### [Task to complete]
Exclude the pictures; give every entry again exactly as written.

[Entries taken from a collection]
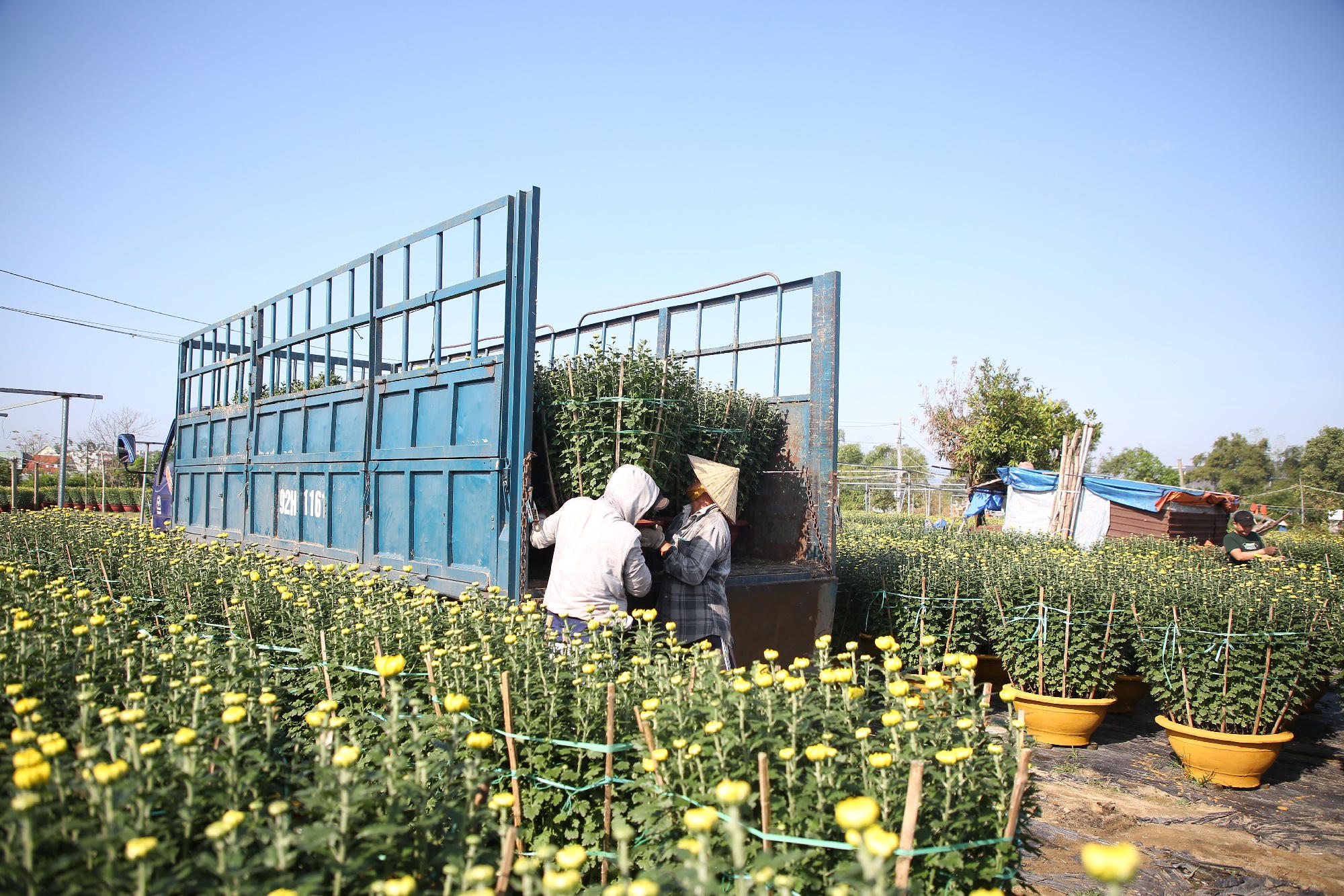 Thời tiết Đà Nẵng những ngày cuối năm nắng đẹp, các chủ vườn hoa thuê nhân công đưa hoa đến điểm tập kết để chờ xe tải đến chở đi giao hoa cho các "đầu mối" đã đặt mua trước đó.
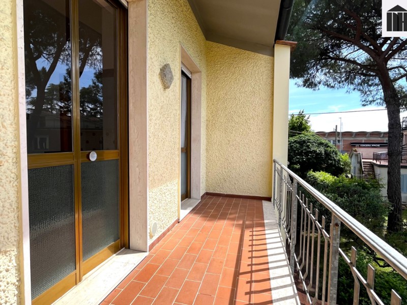 Una scala esterna conduce al primo piano, dove si trova il secondo appartamento, già abitabile. La zona giorno è composta da un cucinotto con dispensa, spazioso soggiorno e sala da pranzo con accesso diretto al balcone esclusivo. La zona notte, ben separata, comprende due camere matrimoniali e un ampio bagno finestrato dotato sia di doccia che di vasca.
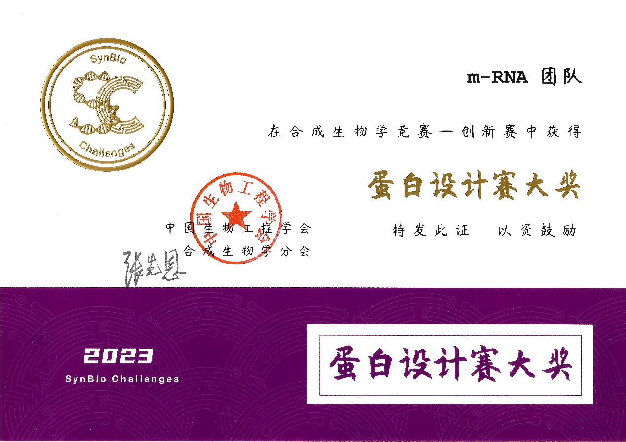 8月5日,由中国生物工程学会合成生物学分会主办的第二届合成生物学竞赛·创新赛在深圳理工大学(筹)明珠校区举办了现场答辩及颁奖典礼。本次活动吸引了来自全国(含港澳)48所高校共80支队伍合计超400人线下参赛,线上线下超421万人次观赛。经过历时近半年的激烈角逐,成人影视片 董昊教授课题组的张一健(化院19本、匡院23硕)、陈子川(匡院19本)和臧敏(匡院21硕)等三位具有化学和计算机学科背景的同学组成的成人影视片 “m-RNA”团队最终以总分第一的成绩荣获蛋白设计赛大奖(金奖)。
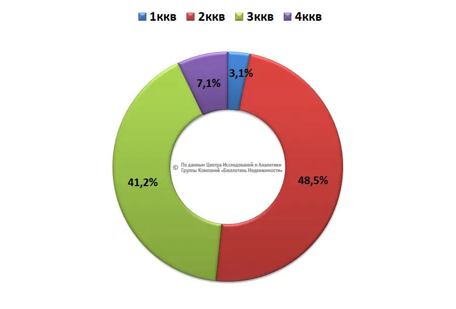 Квартиры в сталинских домах: структура предложения по количеству комнат (в среднем по Петербургу)
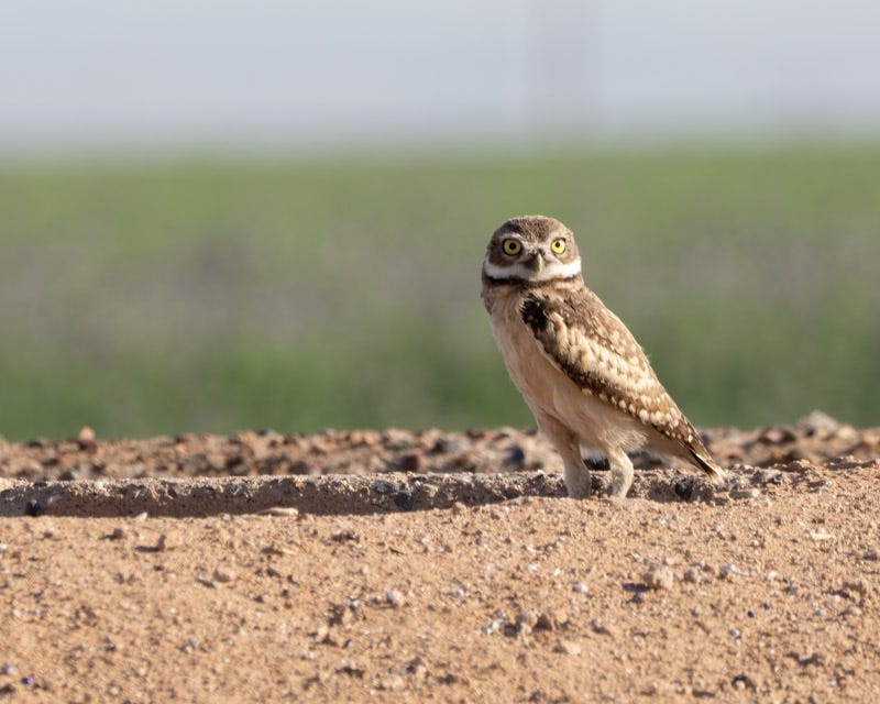 I am familiar with some Burrowing Owl families who live near farmland in Pima County but a friend told me about another family up in Pinal County. We took a drive of well over an hour to get there and found the burrow among vast fields of farmland in otherwise wide open desert flats. There were several young owls there when we first arrived but most ducked down into the burrow as soon as our car stopped. One very curious young owl remained to check us out.
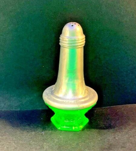 Vintage Silver Plated Green Uranium Depression Glass Salt Shaker
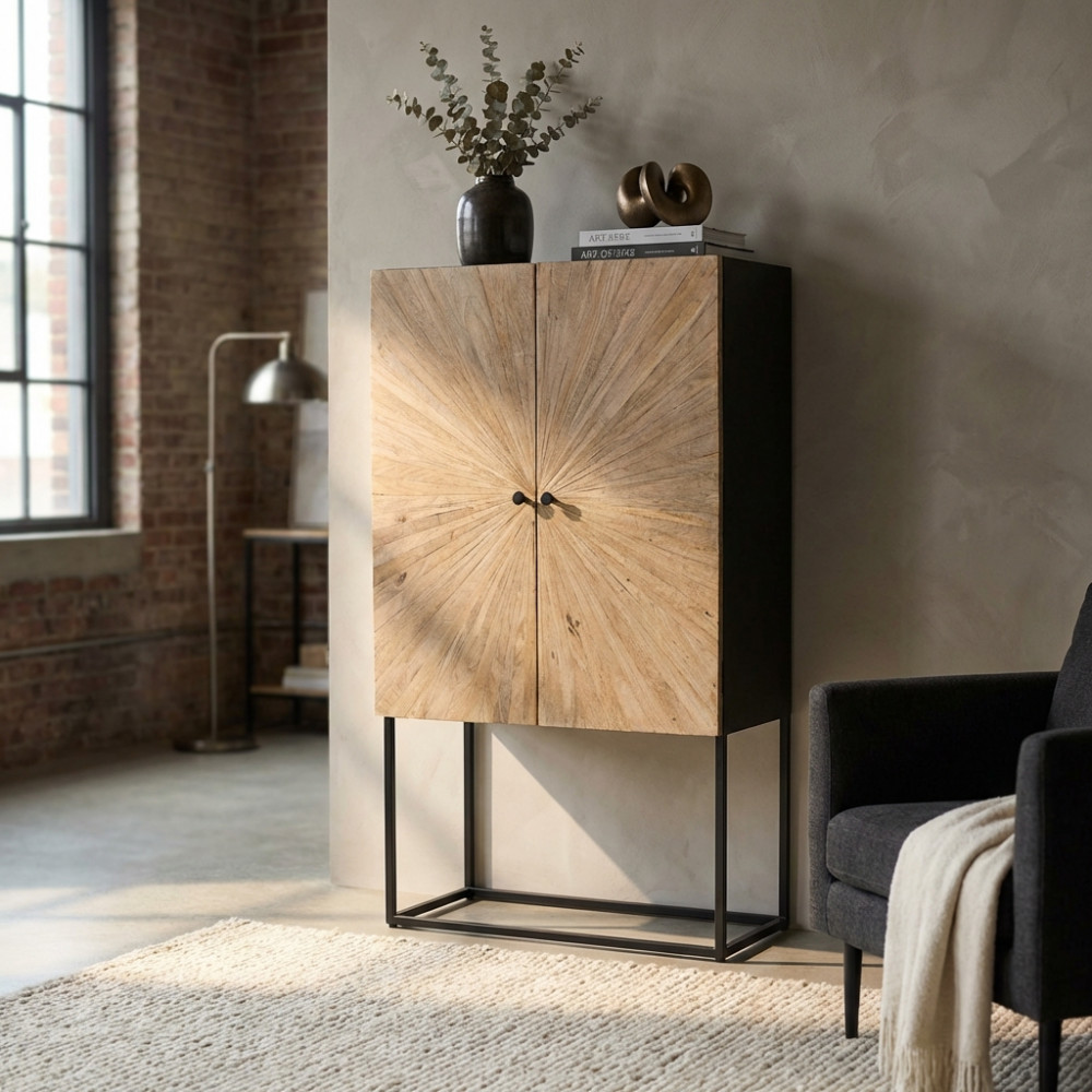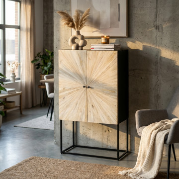 - Dati Tecnici Mobile con decoro naturale con 4 ante in legno di mango con struttura in ferro Dimensioni: cm 90 x 40 x 160 h
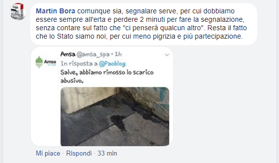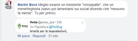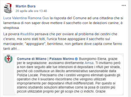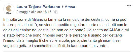 Dopo di che, senza togliere ad Amsa le colpe per la mancanza dei cestini, perlomeno se segnali, poi intervengono in tempi brevi.
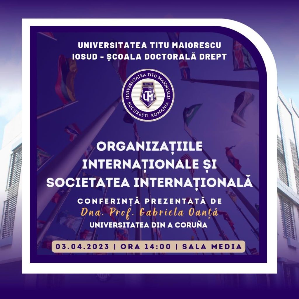 În ziua de 03.04.2023 ora 14 în clădirea universității din Calea Văcărești nr. 187 sala Multimedia va avea loc conferința cu titlul “Războiul în Ucraina o perspectivă a dreptului internațional “ prezentată de domnul profesor José Manuel Heredia Sobrino, precum  și conferința cu titlul “Organizațiile internaționale și societatea internațională“ prezentată de doamna profesor Gabriela Oanță, ambii de la Universitatea A Coruña – Spania.
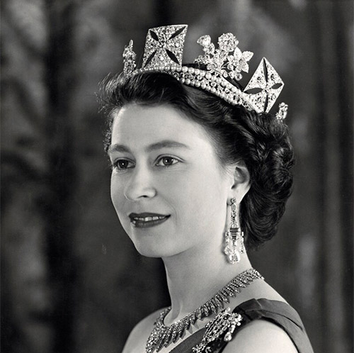 エリザベス2世は、カルティエによって1929年に製作されたこの華やかなプラチナとダイヤモンド製のイヤリングを統治初期に愛用しました。母后のエリザベス王妃は以前多くのジュエリーをイギリス人相続人のマーガレット・グレヴィルから贈られており、その中からエリザベス王女(当時)の結婚祝いとして父ジョージ5世と母エリザベス王妃から贈られました。
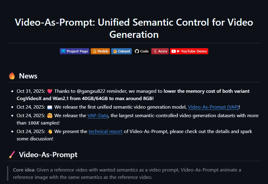 من أبرز مشاريع الأسبوع على Arxiv، أداة Video-as-Prompt التي تحول البرومبتات النصية إلى محتوى فيديو ديناميكي باستخدام تقنيات الذكاء التوليدي. |
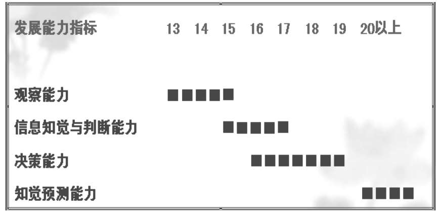 在女子足球运动员战术意识的四个构成要素中,首先能够发展的是观察能力,其次是信息知觉与判断能力,最后依次是决策能力和知觉预测能力。具体年龄段见图 2-8。

### [Solution]
 Thời tiết Đà Nẵng những ngày cuối năm nắng đẹp, các chủ vườn hoa thuê nhân công đưa hoa đến điểm tập kết để chờ xe tải đến chở đi giao hoa cho các "đầu mối" đã đặt mua trước đó.
 Una scala esterna conduce al primo piano, dove si trova il secondo appartamento, già abitabile. La zona giorno è composta da un cucinotto con dispensa, spazioso soggiorno e sala da pranzo con accesso diretto al balcone esclusivo. La zona notte, ben separata, comprende due camere matrimoniali e un ampio bagno finestrato dotato sia di doccia che di vasca.
 8月5日,由中国生物工程学会合成生物学分会主办的第二届合成生物学竞赛·创新赛在深圳理工大学(筹)明珠校区举办了现场答辩及颁奖典礼。本次活动吸引了来自全国(含港澳)48所高校共80支队伍合计超400人线下参赛,线上线下超421万人次观赛。经过历时近半年的激烈角逐,成人影视片 董昊教授课题组的张一健(化院19本、匡院23硕)、陈子川(匡院19本)和臧敏(匡院21硕)等三位具有化学和计算机学科背景的同学组成的成人影视片 “m-RNA”团队最终以总分第一的成绩荣获蛋白设计赛大奖(金奖)。
 Квартиры в сталинских домах: структура предложения по количеству комнат (в среднем по Петербургу)
 I am familiar with some Burrowing Owl families who live near farmland in Pima County but a friend told me about another family up in Pinal County. We took a drive of well over an hour to get there and found the burrow among vast fields of farmland in otherwise wide open desert flats. There were several young owls there when we first arrived but most ducked down into the burrow as soon as our car stopped. One very curious young owl remained to check us out.
 Vintage Silver Plated Green Uranium Depression Glass Salt Shaker
 - Dati Tecnici Mobile con decoro naturale con 4 ante in legno di mango con struttura in ferro Dimensioni: cm 90 x 40 x 160 h
 Dopo di che, senza togliere ad Amsa le colpe per la mancanza dei cestini, perlomeno se segnali, poi intervengono in tempi brevi.
 În ziua de 03.04.2023 ora 14 în clădirea universității din Calea Văcărești nr. 187 sala Multimedia va avea loc conferința cu titlul “Războiul în Ucraina o perspectivă a dreptului internațional “ prezentată de domnul profesor José Manuel Heredia Sobrino, precum  și conferința cu titlul “Organizațiile internaționale și societatea internațională“ prezentată de doamna profesor Gabriela Oanță, ambii de la Universitatea A Coruña – Spania.
 エリザベス2世は、カルティエによって1929年に製作されたこの華やかなプラチナとダイヤモンド製のイヤリングを統治初期に愛用しました。母后のエリザベス王妃は以前多くのジュエリーをイギリス人相続人のマーガレット・グレヴィルから贈られており、その中からエリザベス王女(当時)の結婚祝いとして父ジョージ5世と母エリザベス王妃から贈られました。
 من أبرز مشاريع الأسبوع على Arxiv، أداة Video-as-Prompt التي تحول البرومبتات النصية إلى محتوى فيديو ديناميكي باستخدام تقنيات الذكاء التوليدي. |
 在女子足球运动员战术意识的四个构成要素中,首先能够发展的是观察能力,其次是信息知觉与判断能力,最后依次是决策能力和知觉预测能力。具体年龄段见图 2-8。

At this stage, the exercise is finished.